- Genre: Sketch comedy
- Created by: Linda Chong
- Directed by: Linda Chong, Harith Iskandar
- Starring: Dee, Moon, Rambo Chin, Harith Iskandar, Sri Shan, Ghanie, Rama, Robin, Robert, Danny
- Country of origin: Malaysia
- Original languages: Malay, English, Mandarin and Tamil

Production
- Producer: Filem Karya Nusa
- Production location: Malaysia
- Running time: Approx. 30 minutes
- Production company: Filem Karya Nusa

Original release
- Network: TV3
- Release: 1991 – 2005

= Jangan Ketawa =

Malaysian sketch comedy series

Jangan Ketawa is a Malaysian sketch comedy television series that first aired in the early 1990s. The show is widely recognized for its unique portrayal of Malaysian multiculturalism, its cast from various ethnicities, and its use of multiple languages in its sketches. "Jangan Ketawa" gained national recognition because it shows normal Malaysian life through humor which made it a standout example of Malaysian television comedy.

== History and Production ==
The show was produced by Filem Karya Nusa and initially broadcast on TV3 beginning in 1991. Created and co-directed by the late Linda Chong, with direction support from Harith Iskandar, each episode featured a series of short comedic sketches centered on everyday Malaysian scenarios. The multicultural cast regularly performed in Malay, English, Mandarin and Tamil, providing representation and humor relatable to the country's diverse audiences.

Reruns aired on Astro Prima from 2003 to 2005, as well as on Astro Warna in 2009, allowing new audiences to rediscover its themes and comedic stylings

==Characters==
- Dee (Syed Muradzi Syed Shamsul)
- Moon (Syeikh Munir)
- Rambo Chin (Chin Kia Shin)
- Harith Iskandar (Harith Iskander Musa)
- Sri Shan (Dr. Sri Shanmuganathan)
- Ghanie (Abd Ghani Ahmad)
- Rama (Ramasundran Rengan)
- Robert (Robert Kong)
- Robin (Robin Kong)
- Danny (Danny Kong)

== Cultural Significance ==
Jangan Ketawa is widely regarded as a true reflection of Malaysia’s multicultural society, blending ethnic diversity, popular vernaculars, and everyday experiences. Its multilingual and multiethnic cast made it relatable to Malaysians of all backgrounds. The program maintains its popularity through ongoing social media discussions and viral video content which continues to circulate. The show is often cited in retrospectives of the best Malaysian sitcoms from the 1990s, alongside series like Spanar Jaya, Pi Mai Pi Mai Tang Tu, and Rumah Kedai.

== Notable Sketches ==
One of the most iconic sketches, Pil Puasa, features the characters humorously introducing a 'magic fasting pill' that supposedly allows Muslims to fast without hunger or thirst. The sketch has become a fan favorite which people share on social media every Ramadan to watch one of Malaysian television's most memorable comedic scenes.

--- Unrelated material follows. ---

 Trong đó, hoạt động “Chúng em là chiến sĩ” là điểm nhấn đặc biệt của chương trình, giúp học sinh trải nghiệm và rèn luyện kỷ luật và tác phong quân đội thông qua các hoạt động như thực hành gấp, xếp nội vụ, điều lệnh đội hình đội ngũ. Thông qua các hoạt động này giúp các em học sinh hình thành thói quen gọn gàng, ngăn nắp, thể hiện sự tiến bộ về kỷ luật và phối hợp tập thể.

According to Dee, the hairstylist-turned-comedian from Kangar, Perlis. 'Pil Puasa' was inspired by the exhaustion of filming during fasting month and improvised ideas among cast members, showing how much of the show's humor was rooted in Malaysian lived experience.

== Legacy ==
Jangan Ketawa established its historical significance through repeated airings which maintained its cultural importance in the present time. The show created a new standard for Malaysian sketch comedy which motivated future comic actors and television producers to follow its lead.

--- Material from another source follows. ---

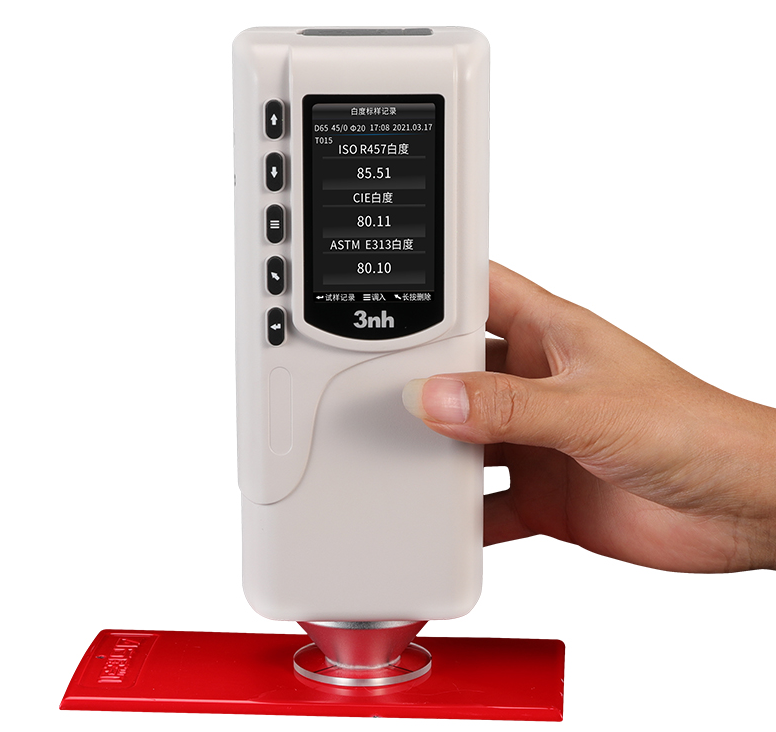 NR4520白度計采用了先進的測量技術,確保了測量的準確性和穩定性。它擁有一個標準白板,這個白板是白度計的基準。通過與標準白板進行比較,我們可以得知被測物品的白度值。

One of the cast member Moon (Syeikh Munir Syeikh Mahmud), died after suffering a stroke while staying at his uncle's house during Hari Raya in 2005. Moon was buried at the Orang Muslim cemetery. He leaves behind an adopted daughter, Fatin Nadia Abdullah.

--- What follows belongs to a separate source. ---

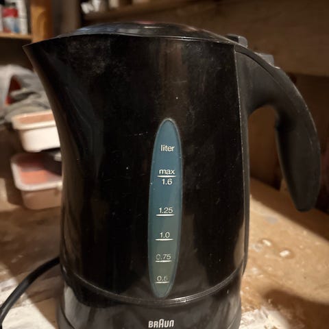 Braun vannkoker. Fungerer, men har stått ubrukt i lengere tid, da vi ikke lenger trenger den.

Robert Kong has also died and a fun facts is Robin and Danny from the same show are his blood brothers.

In 2021, Rama (Ramasundran Rengan), another beloved member of the cast, who was celebrated for his multilingual acting and direction in over 500 dramas, died at age 57 due to heart complications. His death was mourned across the entertainment industry, underlining the show's lasting impact.